Result: CLI works out-of-the-box with persistence!
Component Manager (Connection Pooling)¶
// component/manager.go
type ComponentManager struct {
sessionStoreDBs map[string]interface{} // Cached DB connections
mu sync.RWMutex
}
func (cm *ComponentManager) GetSessionService(storeName, agentID) {
// 1. Check cache
cm.mu.RLock()
if db, exists := cm.sessionStoreDBs[storeName]; exists {
cm.mu.RUnlock()
return NewSQLSessionService(db, agentID, dialect)
}
cm.mu.RUnlock()
// 2. Create new connection
config := cm.config.SessionStores[storeName]
db := createDBConnection(config)
// 3. Cache it
cm.mu.Lock()
cm.sessionStoreDBs[storeName] = db
cm.mu.Unlock()
// 4. Return service with agent_id
return NewSQLSessionService(db, agentID, dialect)
}
Why Caching? - ✅ Connection pooling (efficiency) - ✅ Multiple agents share one DB connection - ✅ Prevents resource exhaustion
Multi-Agent Isolation¶
Problem Statement¶
Scenario:
Agent: assistant (session: s1) → Message: "My password is secret123"
Agent: math_bot (session: s1) → Should NOT see assistant's message!
Solution: Composite Primary Key¶
Database Schema¶
CREATE TABLE sessions (
id VARCHAR(255) NOT NULL,
agent_id VARCHAR(255) NOT NULL,
metadata TEXT,
created_at TIMESTAMP NOT NULL,
updated_at TIMESTAMP NOT NULL,
PRIMARY KEY (id, agent_id) -- ⭐ COMPOSITE KEY
);
CREATE TABLE session_messages (
session_id VARCHAR(255) NOT NULL,
message_id VARCHAR(255) PRIMARY KEY,
message_json TEXT NOT NULL,
created_at TIMESTAMP NOT NULL,
FOREIGN KEY (session_id) REFERENCES sessions(id)
);
Result:
sessions table:
┌──────┬──────────────┬─────────────┐
│ id │ agent_id │ updated_at │
├──────┼──────────────┼─────────────┤
│ s1 │ assistant │ 2025-10-22 │ ← Different rows!

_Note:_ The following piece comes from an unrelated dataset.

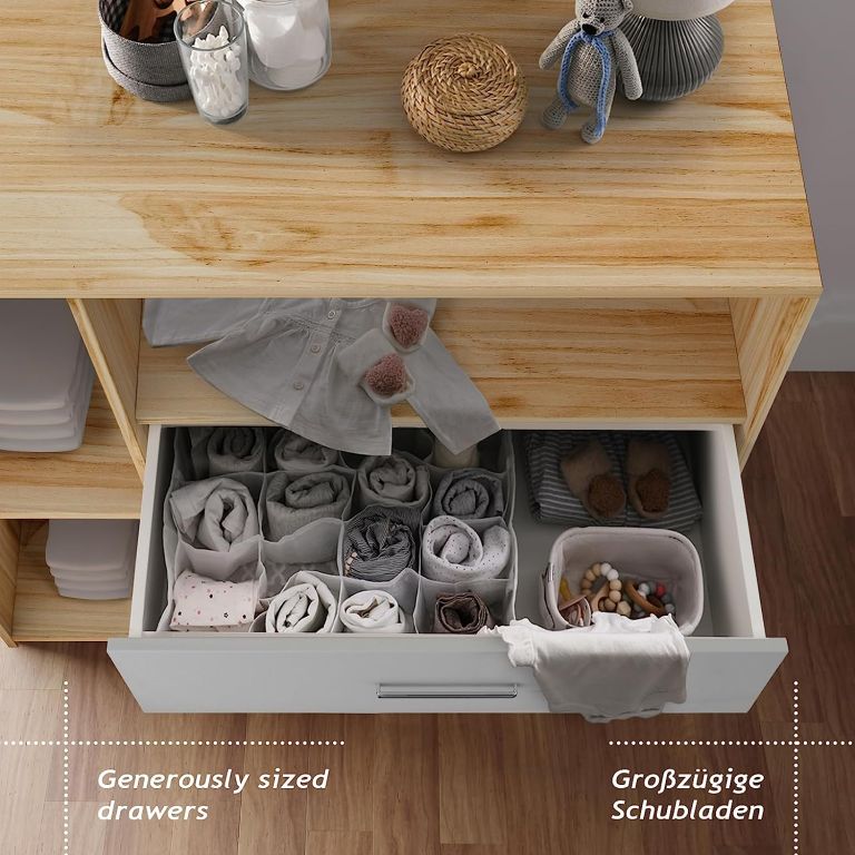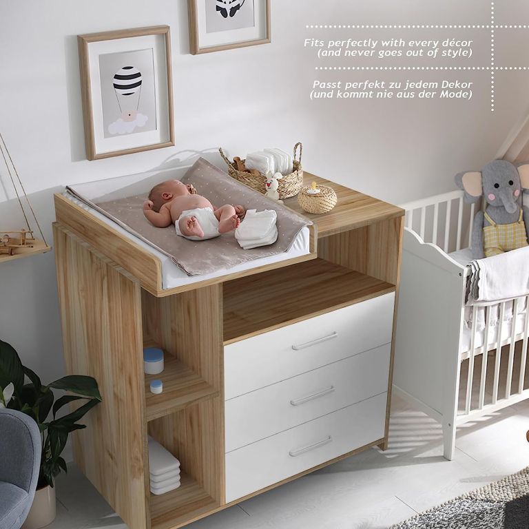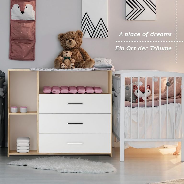 Nasza komoda do przewijania z dużą ilością miejsca do przechowywania w trzech szufladach i trzema otwartymi półkami jest idealnym dodatkiem do pokoju

│ s1 │ math_bot │ 2025-10-22 │
└──────┴──────────────┴─────────────┘
SQL Query Isolation¶
Every query MUST join with sessions table:
-- ❌ WRONG (no agent isolation)
SELECT * FROM session_messages
WHERE session_id = 's1';
-- ✅ CORRECT (agent isolated)
SELECT sm.message_id, sm.message_json
FROM session_messages sm
JOIN sessions s ON sm.session_id = s.id
WHERE sm.session_id = 's1' AND s.agent_id = 'assistant';
Implementation:
// session_service_sql.go - GetMessagesWithOptions()
query := `
SELECT sm.message_id, sm.message_json
FROM session_messages sm
JOIN sessions s ON sm.session_id = s.id
WHERE sm.session_id = ? AND s.agent_id = ? -- ⭐ CRITICAL
ORDER BY sm.created_at ASC
`
rows, err := s.db.QueryContext(ctx, query, sessionID, s.agentID)

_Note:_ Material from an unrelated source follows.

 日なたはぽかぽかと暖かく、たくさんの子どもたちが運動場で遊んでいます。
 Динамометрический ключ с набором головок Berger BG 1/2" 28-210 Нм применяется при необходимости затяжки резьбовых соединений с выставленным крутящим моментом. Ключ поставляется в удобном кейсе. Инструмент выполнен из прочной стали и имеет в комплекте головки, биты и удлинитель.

Long-Term Memory Isolation¶
Vector DB Metadata:
vectorDB.Upsert(Point{
Vector: embedding,
Payload: {
"agent_id": "assistant", // Isolation key 1
"session_id": "s1", // Isolation key 2
"content": "message text",
},
})
Search with Dual Filter:
vectorDB.Search(SearchRequest{
Vector: queryEmbed,
Filter: Filter{
Must: [
{Key: "agent_id", Match: "assistant"}, // Must match both
{Key: "session_id", Match: "s1"},
],
},
})
Strategy-Managed Loading¶
Design Philosophy¶
Old (Broken) Approach:
// ❌ Memory service loads everything
messages := sessionService.GetMessages(sessionID, 0) // All messages!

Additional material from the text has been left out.